On the way upstairs for lunch, my Australian friend asked regarding her adopted child’s birth family. Something clicked in my head and I sent one of my girls to check under an overpass for some information. (My friend’s little boy at 5, has been asking many questions about his birth family and we have had few answers to give. He was given to us at 2 months old, weak and very sick because of a hole in his heart. We transferred him to an orphanage that took medical conditions and did adoptions. That was how he came to be in

Australia

.)

Upstairs for lunch… the phone rang. A young man that used to live with us, now a young father, who was involved in some altercation (attempted murder) was begging me to take his two little ones because the police were looking for him.

125 Jenny called me from downstairs and out of the blue, a reunion happened. A precious birth mother and an anxious adoptive mother. Emotions were high as they embraced each other- each so very thankful for the other’s role in their child’s life. (It was incredibly emotional for all concerned!)

Throughout the day, our DAVID boys straggled in after being gone for the holidays.  

In the busyness, Merry Faye took my face in her hands, “Mom, the gerbils gave birth. Quick. Come and check them.”

Sure enough. (I made a mental note to separate them.) I then joined Evan in the kitchen where he was happily creating pizzas for the birthday party. Sarah Joy’s 5th!  I made dough for 8 more pizzas since he had already done 4. (Yes that is a lot of pizza!) Evan started on the piñata that SJ insisted on having.

I played a card game with the little boys while Merry Faye, Elijah, and Noah set off to buy a new baby rabbit for SJ’s birthday. Then I finished the pizzas and hung decorations.

137 All the toddlers and babies were dressed in clean party clothes and the party began. It   was very pretty with all the balloons and the children happily eating pizza. Sarah Joy’s princess cake was exquisite.

After supper, a mother arrived downstairs with her two boys that were due to be returned to our custody after the vacation. The change that had occurred in their behaviour was so great, she wanted to keep them. Counselling, threats, and hugs were given. I was sad to see them go but so happy to see a mother actually want her once dreadful boys, back..

It was late, the kids were all tired, and SJ looked beat. She had tried to eat 5 pieces of pizza with much encouragement from Elijah, her older brother. She was so grateful and just before she fell asleep, she said sweetly, “Thank you for my lovely day”. (Unfortunately, she puked up all her pizza and cake for the next 3 hours in her sleep.)

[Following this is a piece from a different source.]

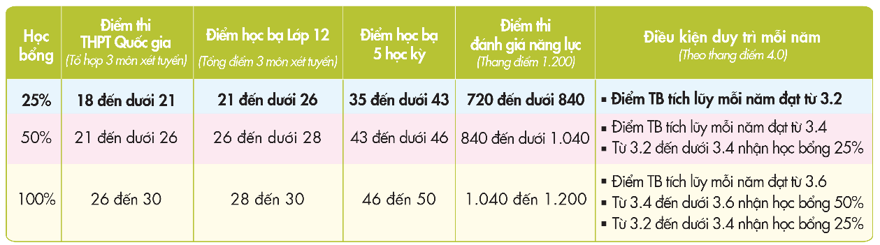 Để khuyến khích tinh thần học tập cho các tân sinh viên trúng tuyển vào UEF với thành tích cao, hàng năm, Nhà trường đều dành tặng nhiều suất học bổng cho sinh viên. Trong đó, với phương thức xét tuyển học bạ, thí sinh vẫn có thể nhận được suất học bổng giá trị từ 100%, 50%, 25% học phí. Đặc biệt, đây là các suất học bổng không giới hạn số lượng và áp dụng cho tất cả sinh viên UEF trúng tuyển ở tất cả các ngành.

It then takes several days to recover from a day like that but while I am recovering, more things are happening… more babies have arrived… (I’m not kidding!)

SO… I know our worlds are far apart but I thank you for every time you remember us in prayer and for every dollar you send to keep us going. Please remember you are standing with me as I rescue babies and children. None of this would be possible without your financial support. (Those of you that are now homesick for this crazy place, I could sure use some help!)